Building Business Cases at Scale
Create Templates by Vertical
Develop business case templates for each industry and use case you commonly sell. Templates should include:
- Standard financial model structure with industry-specific assumptions
- Typical cost categories and benefit categories for the vertical
- Industry benchmarks for key metrics
- Common risk factors and mitigations
Templates reduce business case preparation from 20-30 hours to 8-12 hours while maintaining quality.

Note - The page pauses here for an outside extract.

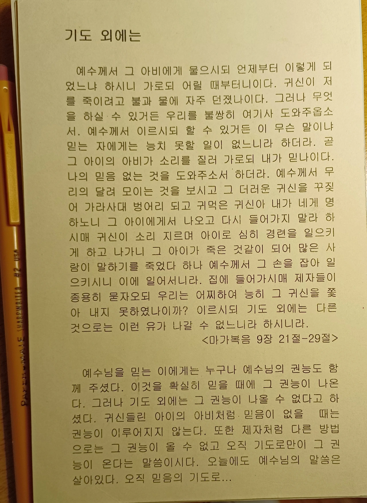 이 말씀, 예수가 변화산에서 내려왔을 때에 큰 무리에 둘러싸여 제자들과 서기관들이 서로 변론하고 있다가 예수를 보자, 귀신 들린 아들의 아비가 예수께 나와 "무엇이든 하실 수 있거든 우리를 불쌍히 여기사 도와주소서."라고 말하자. 예수께서 말하기를, "할 수 있거든이 무슨 말이냐. 믿는 자에게는 능치 못할 일이 없다."라고 말했다. 그때사 아비는 소리 질러 고백하기를, "내가 믿나이다. 내가 믿음 없음을 도와주소서." 하였다. 이 말씀에서 나 역시 동일함을 깨달았다. 나도 역시 이 아비와 같이 믿음이 적음을 깨달았다. 오늘날에도 하나님의 기적, 예수님의 기적, 믿음의 기적은 일어난다는 것에 대해서 온전한 믿음이 아님을 깨닫게 된다. 그뿐만이 아니라 평소에 기도할 때에도 입술로는, "주여! 믿사오니 내 기도를 들어주소서!"라고 하면서도, 내 속에 마음 깊은 곳에서는 의심이 일고 있는 것까지 의식하면서도 애써 아닌 척하려고 해도, 그렇게 온전한 믿음이 되지 않을 때가 태반이다. 그렇게 내가 아무리 온전한 믿음을 가지려고 해도, 내 속에 가득 찬 이념들이 나를 괴롭히고 있음을 느낄 수가 있었다. 한번 내 속에서 어떤 이념에 내 마음을 여는 순간 끝없이 솟아나는 의심과 불신이 샘솟듯이 솟아남을 느낄 수 있었다. 그러므로 철저하게 내 속에 꽉 찬 이념들을 다 털어내고 싶으나 그럴 수가 없는 것이 내 죄의 근성이다. 한번 내 뇌 속에 저장된 이념들, 사상, 전통, 문화, 경험 등등은 절대로 지워지지 않는다. 일시적으로 기억나지 않을 수는 있을 수 있겠으나... 절대로 완전히 지워지지 않는다. 심판 날에는 더욱 확실하게 선명하게 다 기억되고 드러나서 결코 핑계 하지 못하게 될 것이다. 치매? 망각? 그건 지워진 것이 아니라 기억하지 못할 뿐이다. 그러므로 더욱 하나님의 말씀을, 진리를, 예수님의 가르침을 확실하게 뇌에 저장하고, 의식하고, 인식하고, 되새기면서 나의 생각을, 기억을 지배하도록 날마다 묵상하며 힘써 믿음이 충만한 생활이 되어야겠다. 지금도 예수님 말씀대로... 믿는 자에게는 능치 못할 일이 없다고 하는 믿음이라면 이보다 더 큰 기적도 이루어질 것이다고 깨닫게 된다.믿음은 선물이다. 내가 믿어줄께, 내가 믿어, 그런다고 믿음이 되는 게 아니다. 아무리 입으로 그렇게 고백해도, 그 속에서는 아니라고 말하고 있어. 믿음은 선택하는 조건이 될 수 없다. 믿음은 오직 진실한 자만이 받을 수 있는 선물이다.

Collect Client Data for Benchmarks
As you build business cases for more clients, collect anonymized data on actual results:
- Actual versus projected ROI
- Actual implementation timelines
- Actual adoption rates
- Actual performance improvements
This real-world data strengthens future business cases because you can reference proven results, not just projections.
Your Next Step
Take your most recent proposal that is pending approval and build a formal business case using the framework above. Include the financial analysis with NPV and payback period, the sensitivity analysis, and the risk assessment. Send it to your champion with a note: "I built this to help with your internal approval process. It is designed to address the questions your finance team will ask. Would it be helpful to walk through it together before you present it internally?" The business case will accelerate the deal, and the process of building it will become a reusable capability for every future engagement.